No existen argumentos científicamente válidos fundando la prioridad del
Estado sobre el individuo en lo inherente a estas decisiones. Las mismas deben
quedar en la esfera íntima del sujeto capaz, sin intromisiones ni instancias
judiciales previas.
Solicito y mociono, como conclusión, que se declare la urgente necesidad
de derogar el inc. 4 del art. 19 de la Ley 17.132.
PONENCIA APROBADA POR UNANIMIDAD
[1] ver RABINOVICH-BERKMAN: RESPONSABILIDAD DEL MÉDICO
(Bs. As., Astrea, 1999, pp 447 y ss); DERECHO CIVIL, Parte General (Bs.
As., Astrea, 2000, pp 282 y ss); y más difíciles de encontrar: BÍODERECHOS
(Bs. As., Dunken, 1999, pp 159 y ss) y TRANSEXUALIDAD, Una aproximación
jurídica integradora (Bs.
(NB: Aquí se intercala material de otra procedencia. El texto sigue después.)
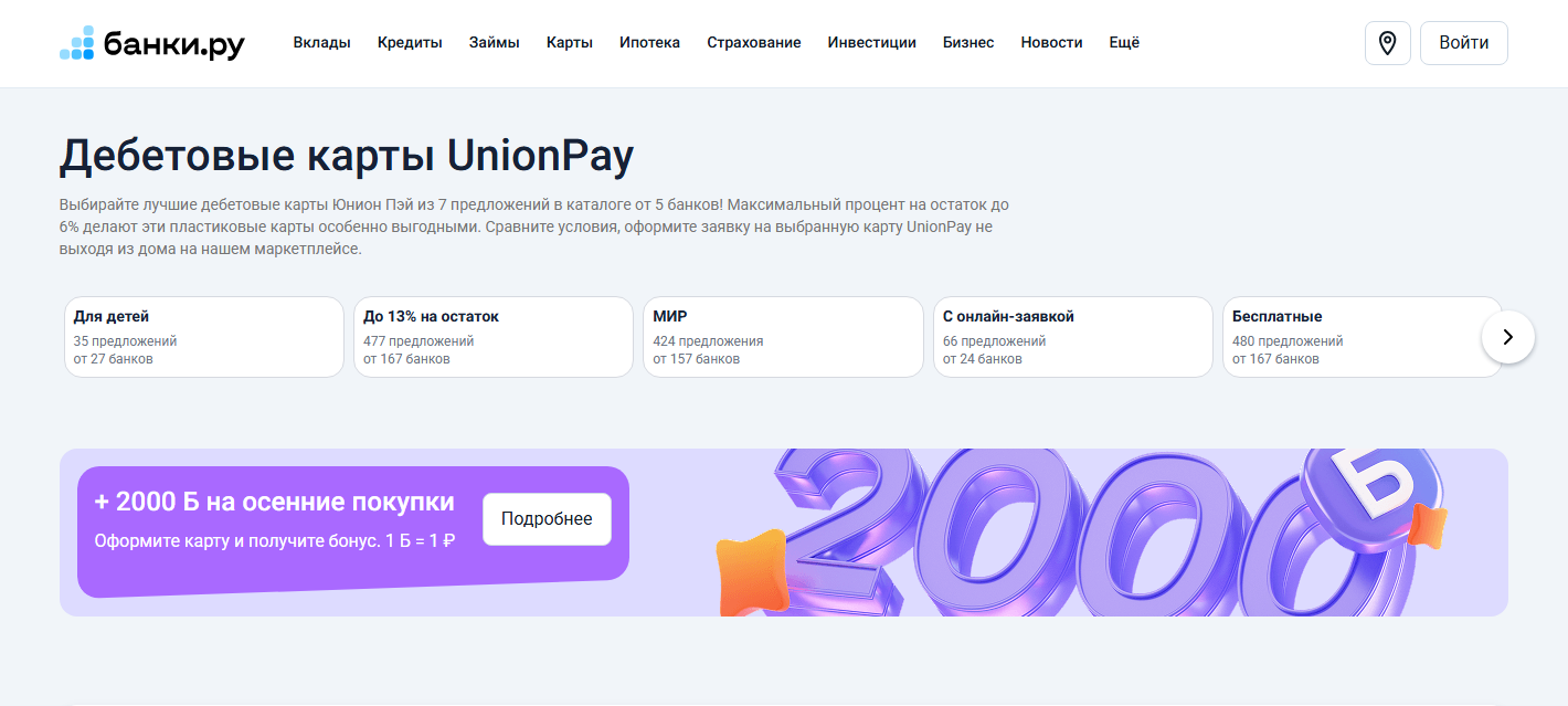 UnionPay — платежная система международного типа, созданная в Китае и сегодня представленная в более чем 180 странах мира. В России она активно используется для онлайн-и офлайн-покупок, переводов и снятия наличных в банкоматах, поддерживающих данный формат. Важно отметить, что мы не оказываем услуги в финансовой сфере, а лишь предоставляем информационные материалы об услугах, предлагаемых третьими лицами, без сравнения между ними и без намерения формировать интерес к конкретным поставщикам.
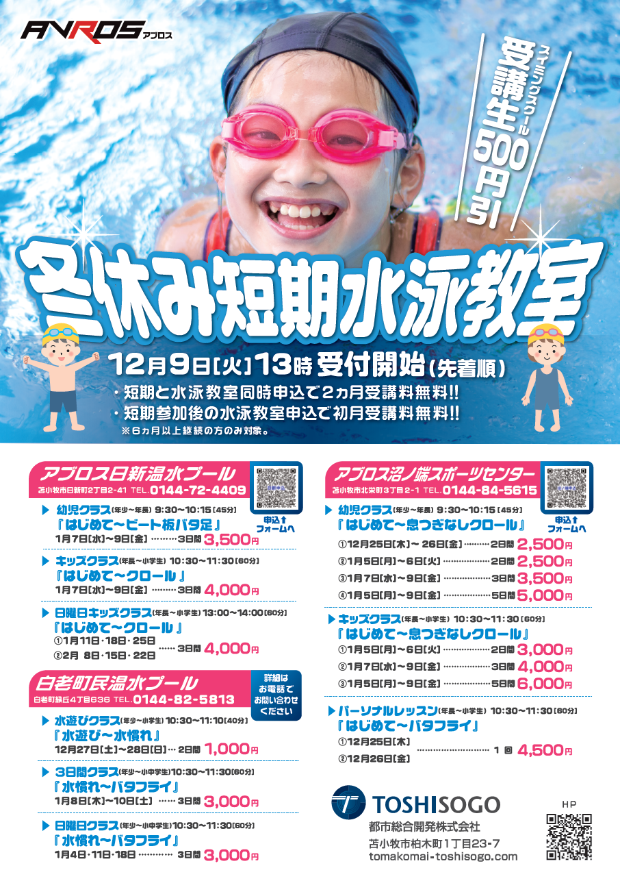 🏊冬の短期水泳教室のおしらせ🏊【12/8新規】

As., Dunken, 1996, passim).
[2] “Los profesionales que ejerzan la medicina están,
sin perjuicio de lo que establezcan las demás disposiciones legales
vigentes, obligados a: [...] 4) No llevar a cabo intervenciones quirúrgicas
que modifiquen el sexo del enfermo, salvo que sean efectuadas con
posterioridad a una autorización judicial”.
[3] "Yo
no cambio hombres en mujeres", dijo un experimentado cirujano en el
caso REISNER c/ VIGILANT INSURANCE
CORPORATION (N.York,1988, 524 N.Y.S. 2d 602), "transformo genitales
masculinos en genitales que tienen aspecto femenino. Todo el resto está en
la mente del paciente".
[4] MOORE (RECENT
DEVELOPMENTS CONCERNING THE CRITERIA OF SEX AND POSSIBLE LEGAL IMPLICATIONS,
en Manhattan Bar News, XXXI, 1959,
p 104) distingue ocho criterios científicos para la determinación del
sexo: cromosomático, gonádico, hormonal, orgánico interno, genital,
habitus sexual, sexo asignado y rol sexual. STOLLER (SEX
AND GENDER, Hogarth, 1968, pp 453-456) destaca los dos primeros.
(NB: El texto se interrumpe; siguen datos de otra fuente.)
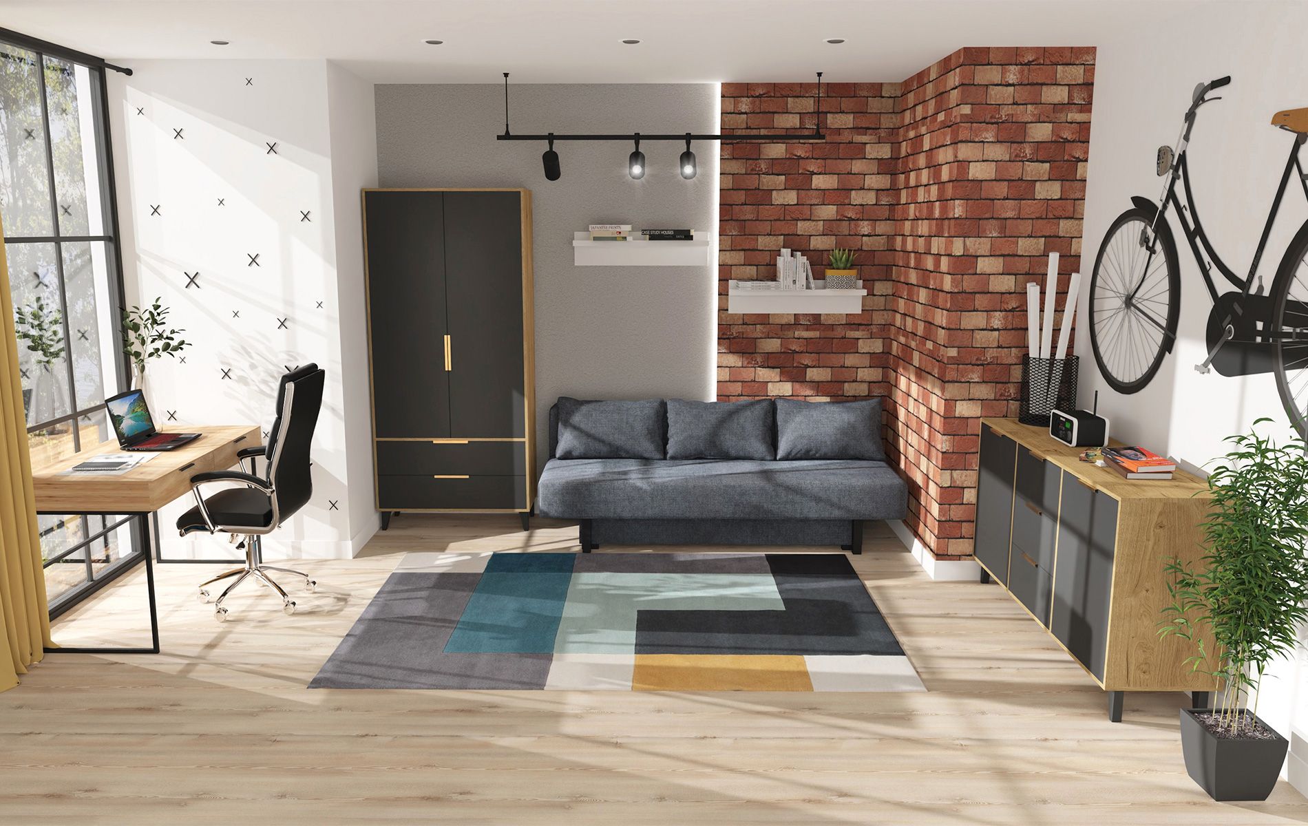 Prezentujemy niezwykle modny oraz efektowny zestaw Floryda w niebanalnej kolorystyce. Połączenie grafitu z drewnem to bardzo ciekawy i minimalistyczny styl, nowoczesny design, sprawi, że Twoje wnętrze nabierze niezwykłego wyglądu.
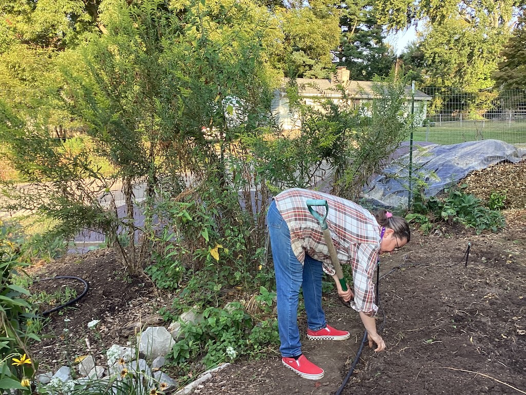 Here it is, behind Marita, as she works on the new garden (for cabbages).
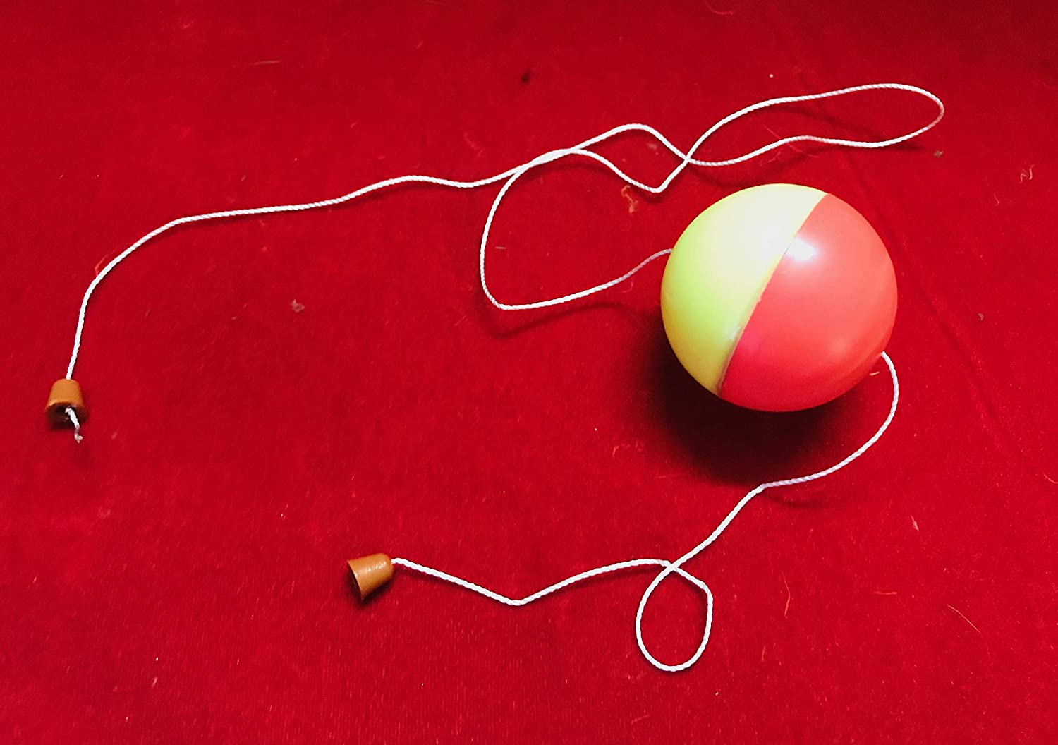 A combine color ball on a string that you hold up in front of your audience, allowing the ball to fall down along the string until you say “STOP”. Movement of the ball down the string can be started and stopped on your command. Easy to do.

"El sexo cromosomático resulta de la concepción, cuando el huevo
femenino u ovum (X) es fertilizado por el esperma masculino (X o Y). El
cromosoma Y existe solamente en el macho. No obstante, muchos consideran al
sexo coromosomático no dispositivo, debido a los efectos de otros factores:
genético, endocrino, configuración corporal, psicológico y
ambiental" (MEYERS, David W,. THE
HUMAN BODY AND THE LAW, Edimburgo, University, 1990, pp 220-221). El
sexo gonádico, referido a las glándulas reproductivas evidentes, se
relaciona con el cromosomático: a XX le corresponden ovarios, y a XY, testículos.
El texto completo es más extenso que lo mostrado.